**Source material**:

-- Opening Marker --

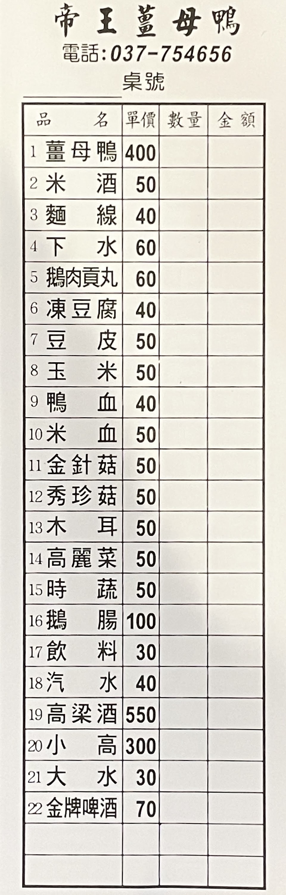 2024最新在地推薦餐廳的菜單_帝王薑母鴨的菜單、圖片
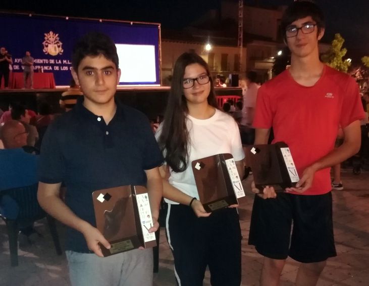 El domingo 24 de junio la plaza de España de Villafranca de los Caballeros recibía la visita de una amplia representación de los jóvenes deportistas que compiten en sus escuelas deportivas y en sus clubes. En la parte que toca al ajedrez de Villafranca l@s premiad@s fueron 3 jugadores que pertenecen a los equipos sub-18. De Nuestro Ajedrez en Europa: Mónica Monreal Gómez y Roberto Yeghiazaryan Petrosyan; y de Nuestro Ajedrez por la Igualdad: Pablo Vela Adrián.
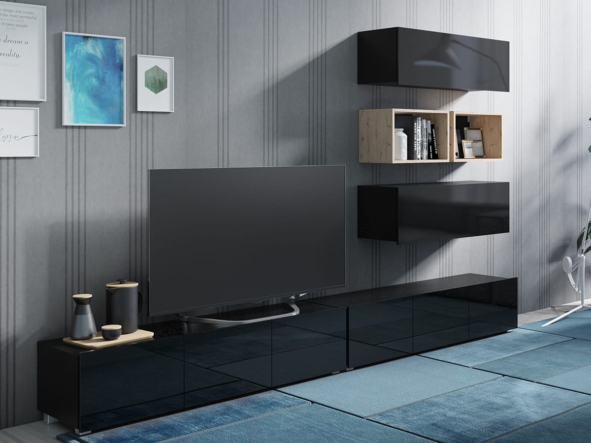 GAB Obývací stěna LORONA 27, Černá/Dub Artisan 300 cm

-- Closing Marker --

**What the task requires**: Please retype the data exactly. The pictures do not go in.

**Answer**:
 2024最新在地推薦餐廳的菜單_帝王薑母鴨的菜單、圖片
 El domingo 24 de junio la plaza de España de Villafranca de los Caballeros recibía la visita de una amplia representación de los jóvenes deportistas que compiten en sus escuelas deportivas y en sus clubes. En la parte que toca al ajedrez de Villafranca l@s premiad@s fueron 3 jugadores que pertenecen a los equipos sub-18. De Nuestro Ajedrez en Europa: Mónica Monreal Gómez y Roberto Yeghiazaryan Petrosyan; y de Nuestro Ajedrez por la Igualdad: Pablo Vela Adrián.
 GAB Obývací stěna LORONA 27, Černá/Dub Artisan 300 cm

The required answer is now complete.